> Action item: Set down without change every line from the line that contains "模拟计算得到的滞回曲线为较饱" through the end of the listing, and only those lines. No pictures.

> Dataset excerpt:
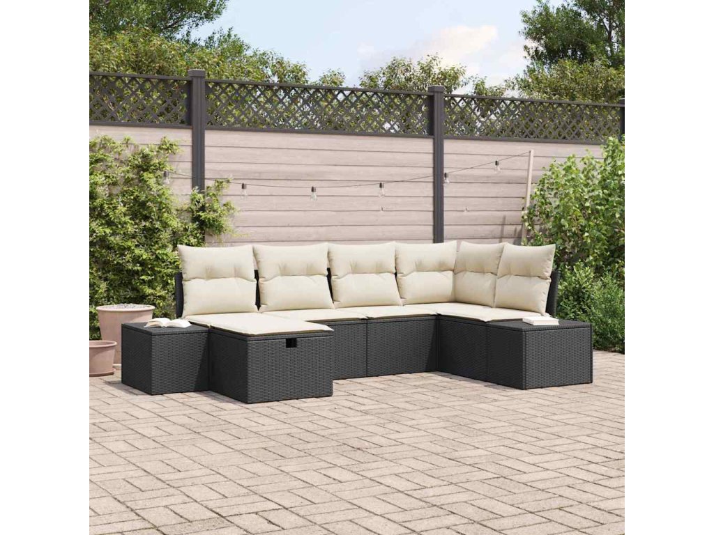 Sada zahradních pohovek s polštářem 6 pcs Černá polyratan
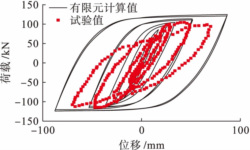 模拟计算得到的滞回曲线为较饱满的梭形形状,表明整个框架结构具有很强的塑性变形性能和抗震耗能能力.有限元分析得出的模型整体刚度、水平极限承载力均大于试验结果,滞回环也相较试验结果更加饱满.分析表明,有限元模拟与试验值基本接近,总体上稍微偏大是由于有限元计算分析中未模拟结构的初始缺陷、安装过程中产生的误差等因素的影响.对比结果显示,运用有限元模拟的方法可以较好地对方钢管混凝土柱
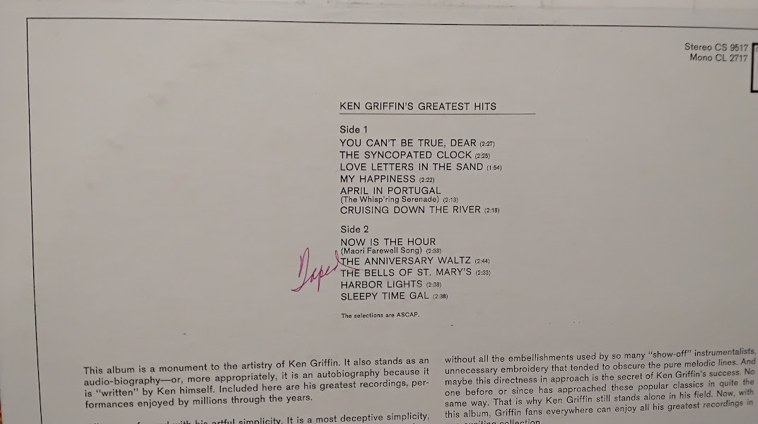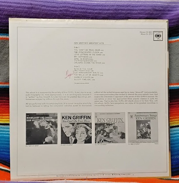 Ken Griffin Greatest Hits Vinyl Record Columbia 1967 CS9517
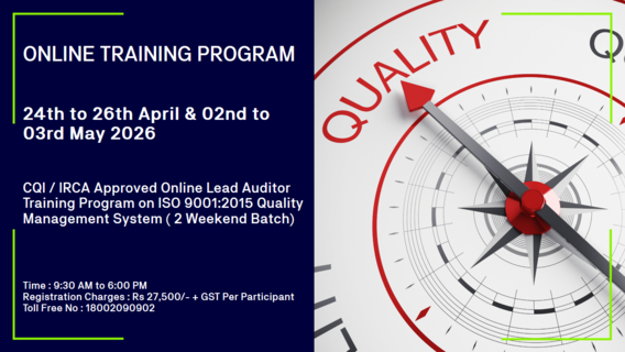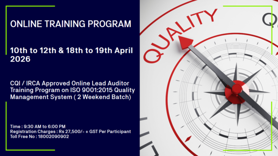 CQI / IRCA Approved Online Lead Auditor Training Program on ISO 9001:2015 Quality Management System (2 Weekend Batch) - 24th to 26th April & 02nd to 03rd May 2026

> Output for this exercise:
 模拟计算得到的滞回曲线为较饱满的梭形形状,表明整个框架结构具有很强的塑性变形性能和抗震耗能能力.有限元分析得出的模型整体刚度、水平极限承载力均大于试验结果,滞回环也相较试验结果更加饱满.分析表明,有限元模拟与试验值基本接近,总体上稍微偏大是由于有限元计算分析中未模拟结构的初始缺陷、安装过程中产生的误差等因素的影响.对比结果显示,运用有限元模拟的方法可以较好地对方钢管混凝土柱
 Ken Griffin Greatest Hits Vinyl Record Columbia 1967 CS9517
 CQI / IRCA Approved Online Lead Auditor Training Program on ISO 9001:2015 Quality Management System (2 Weekend Batch) - 24th to 26th April & 02nd to 03rd May 2026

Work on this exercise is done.